Unfortunately, one of the lessons I've yet to learn is: don't trust other people to take pictures for you ( at least, not decent non-drunken ones ). Here are a couple of my centerpiece this year though - a haunted tree based on images from :

http://www.unclebinleysroom.com/dungeon/projects/treepillars/index.htm


















Finished pictures, however, were dismal, as I was so busy halloween night that I didn't take any myself. I had added alot more detail and then those LED flicker bulbs that look like candles all over it.


----------



## scareme (Aug 29, 2006)

I love your tree. You know you will have to do a how-to on it now. Is that monster mud? I can just imagine it with flicker lights on it. I know what you mean about others taking pictures for you. My brother in-law took pictures for me Halloween night. He took pictures of all the people, and not one prop. I guess he thought people were more important than props. lol


----------



## Azirithdorr (Jan 8, 2011)

I could certainly try to put a how-to together, as I took pictures of all the steps involved, including the materials. Yes, it's monster mud on burlap for the most part. I tried to take the process from the pictures on the above website, but did some changes as I went. The skeleton of the tree is mostly PVC and some ABS pieces, then a floating layer of chicken wire, then the monster mud. I made it so that it comes apart into three major pieces for storage.

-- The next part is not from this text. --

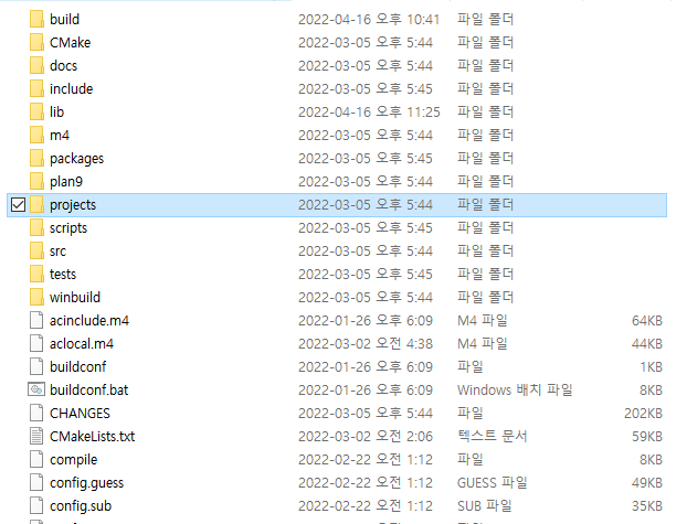 projects/Windows/VCXX 폴더들이 있는데 설치한 VisualStudio 버전에 따라 알맞은 툴 버전을 선택한다.

Thanks for the compliment, btw - it's always nice to hear someone else in the hobby/industry likes your work :jol:


----------



## stick (Jan 21, 2009)

Hello and welcome to the site.


----------



## fick209 (Aug 31, 2009)

Love that tree, very cool!!! Welcome to the forum!


----------



## The Halloween Lady (Aug 18, 2010)




----------



## SPOOKY J (Nov 20, 2009)

Hello and Welcome!


----------



## Vlad (Aug 2, 2005)

Welcome Kevin, love the tree. Yes, pics always seem to take the back seat, then it's too late afterwards.


----------